6. Swearing Like a Motherfucker
Some situations are such fucktastrophes that a “gosh darnit“ or a “criminy” will do nothing to calm your fuck-frazzled nerves. The only way to CTFD and tame those frayed AF nerves is with a well-placed F-bomb. And few things are as cleansing as a long string of creative expletives.
Whether the F-bombs are directed at the asshat who decided skinny jeans should be a thing (come on, it was a man, wasn’t it?), or at the clusterfuck of disasters in the news, or the shitshow that is parenting, swearing like a motherfucker is downright therapeutic. Give it a try. Shout out a flurry of swear words so raunchy you’d make a biker gang blush, and see how much better you feel.
Go ahead, I’ll wait.
Fuckity fucking fuck!
There. Don’t you feel better already?
7. Rage Cleaning
Or so I’ve been told. The last time I actually deep cleaned was the ’90s.

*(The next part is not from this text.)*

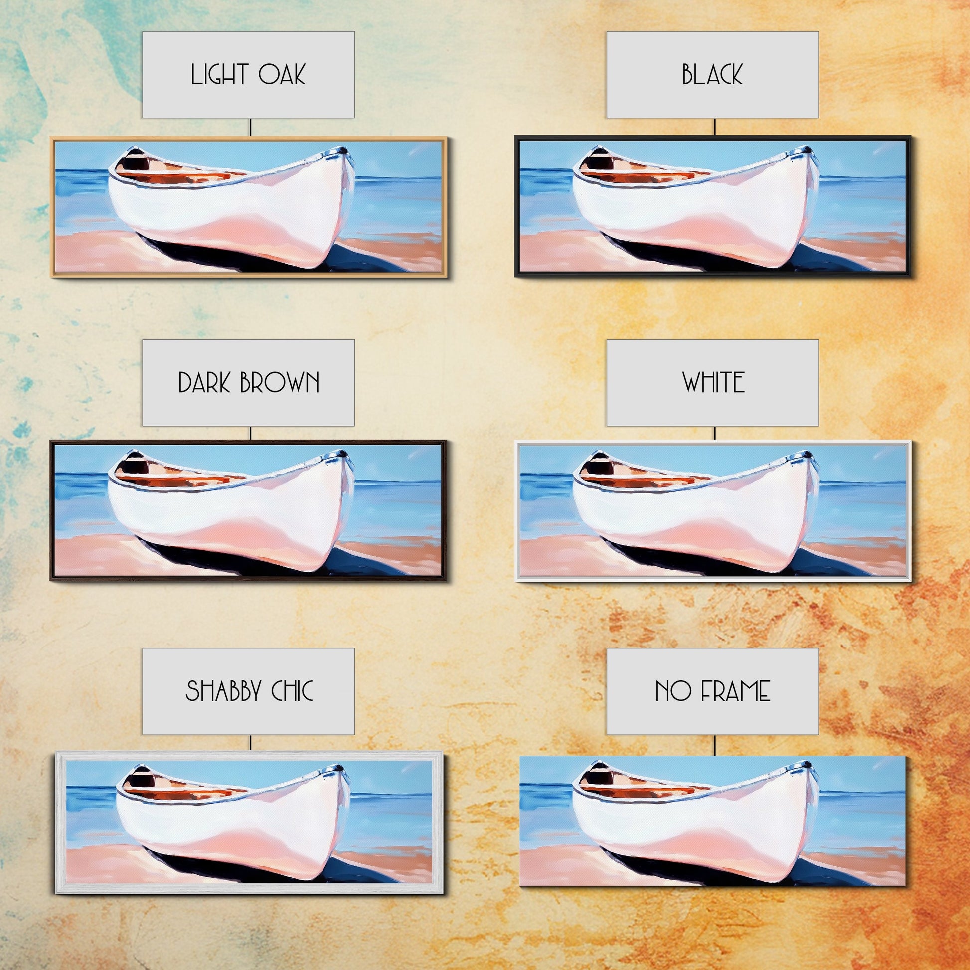 Weißes Kanu, Küstenwandbild, maritime Ästhetik, gerahmter Leinwanddruck, minimalistisches Bootsbild, maritime Kunst für Strandhäuser, Meeresdeko

8. Singing Along With ’80s Music in the Kitchen
Most of the time, I feel like an out-of-touch, untrendy, middle-aged suburban mom. I mean, I couldn’t name an Ariana Grande song if you paid me, and what I thought was “the latest” Taylor Swift song actually came out in 2014.
But whenever I’m feeling funkish and blah, I blast some ’80s music and dance in my kitchen. Nothing boosts a girl’s self-esteem like realizing you still remember every word to “Rapper’s Delight” and “Bust a Move.” Every. Single. Word.
9. Bitching With a BFF
Whenever I’m feeling blue, I text or call up one of my besties for a good old fashion bitchfest. But the key is that after you’ve vented for a few minutes about your annoying co-worker or your whiny kids, you stop talking about anything of substance and instead gossip about people from high school or rehash old episodes of Parks and Recreation.

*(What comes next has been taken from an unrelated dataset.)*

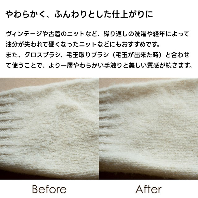 獣毛 の衣類は、洗濯を繰り返すと油分が失われ、パサつきやツヤがなくなっていきます。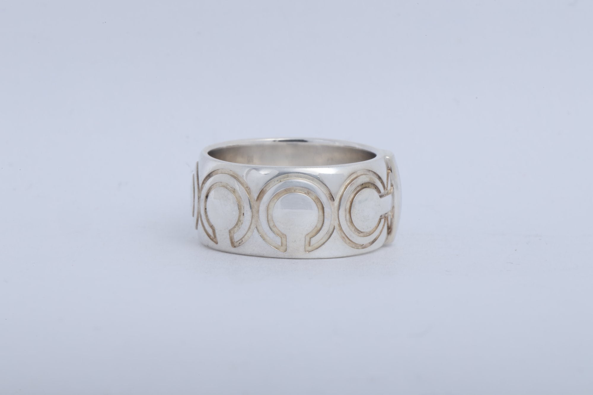Coach 925 Silver 9.5mm Signature C Logo Wide Band Ring Size 7 (9.60g.)

10. Looking at Sweary Inspirational Memes
As much as I love to swear, I also love those cheesy AF memes with the inspirational quotes. You know the kind, the ones that have a sunset or a field of sunflowers and make you feel like you are the Queen of Momdom — followed immediately by an overwhelming desire to shove those nauseatingly sweet words right up that sunflower’s ass. Enter the sweary inspirational meme. These gems combine my love of swearing with my inner Pollyanna optimist and are, quite simply, the answer to all of life’s problems.

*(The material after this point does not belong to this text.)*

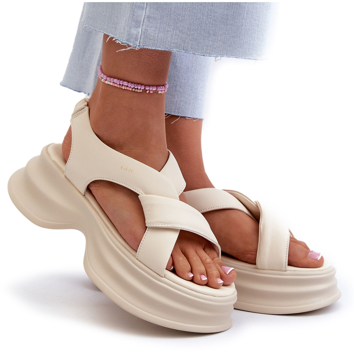 Detalii: Sandale de damă din piele pe talpă groasă, bej deschis GOE NN2N4105

So whenever you’re feeling a little stressed and need to chill the fuck out, why not turn on Bob Ross and pour yourself a fucknormous bowl of cookie dough ice cream?
Hunker down and enjoy the shit out of your caloric bowl of happiness while watching ol’ Bobby paint some happy fucking trees with a goddamn squirrel on his shoulder.
And if that doesn’t give you a case of blissed out fuck-it-ness and you’re still stressed about whatever shitastrophe is brewing, just remember: This too shall fucking pass.